You got to level it somehow.


----------



## duggy (Mar 17, 2010)

Our friend's met something like this on the road a couple weeks ago! They said it was pretty amazing!


----------



## pep_ (Apr 27, 2012)

Does it come with an escalator option to replace the folding stairs?



duggy said:


> Our friend's met something like this on the road a couple weeks ago! They said it was pretty amazing!


----------



## thefulminator (Aug 8, 2007)

I like the standard stabilizer jacks hanging off the back end. I'm sure they are really effective.


----------



## WYOCAMPER (Mar 28, 2007)

NICE AXLE FLIP!


----------



## Insomniak (Jul 7, 2006)

How practical. Why didn't I think of that?


----------



## Leedek (Nov 28, 2010)

Or .... Does this trailer make my truck look big? LOL Thanks for my laugh of the day!


----------



## thefulminator (Aug 8, 2007)

Don't forget the nice smooth ride he gets with those tires.


----------



## willingtonpaul (Apr 16, 2010)

Do you think they take the swinging lounge down for travel ?


----------



## raynardo (Jun 8, 2007)

*Advantages:*

The people gawking effect
Draining your tanks is ALWAYS downhill
When in a campsite, you'll always have a view
*Disadvantages:*

Tow vehicle fuel economy almost nonexistent
Liability when folks fall out of the trailer
You'll ALWAYS need extensions for the power and sewer connections
Trailer may be shrouded in fog/clouds
Spares are a bitch to stow, haul, or buy


----------



## pep_ (Apr 27, 2012)

> Trailer may be shrouded in fog/clouds





















> Spares are a bitch to stow, haul, or buy


...to buy ..I would agree.
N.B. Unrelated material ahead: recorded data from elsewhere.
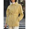 Abrigo de lana de punto cárdigan de otoño e invierno de alta gama con botón de amor flocado brillante decorativo de pierna alta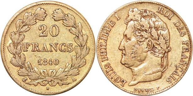 R1916 Rare France 20 Francs Louis Philippe 1840 A Paris Or Gold -> Make Offer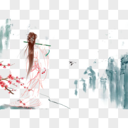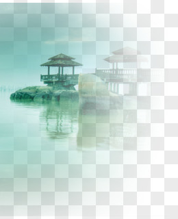 手绘中国风水墨画渔翁在湖面上钓鱼元素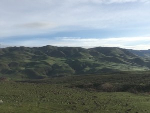 The scenery has been spectacular. At first, in Oregon, we passed through miles of yellow grass valleys. Then it changed to sagebrush and finally to grass covered mountain/hills with outcroppings of basalt – spectacular.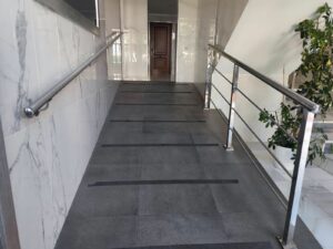 It has a washbasin with vanity unit, large mirror and good ventilation system.

But it looks like there might be juuuuust enough room to mount the spare underneath


----------



## Brooklinite (Aug 17, 2011)

Somebody is over compensating for....something.


----------



## jayger (Sep 29, 2011)

raynardo said:


> *Advantages:*
> 
> The people gawking effect
> Draining your tanks is ALWAYS downhill
> ...


You get to hit every tree branch over the road
You get very good at replacing roof a/c's


----------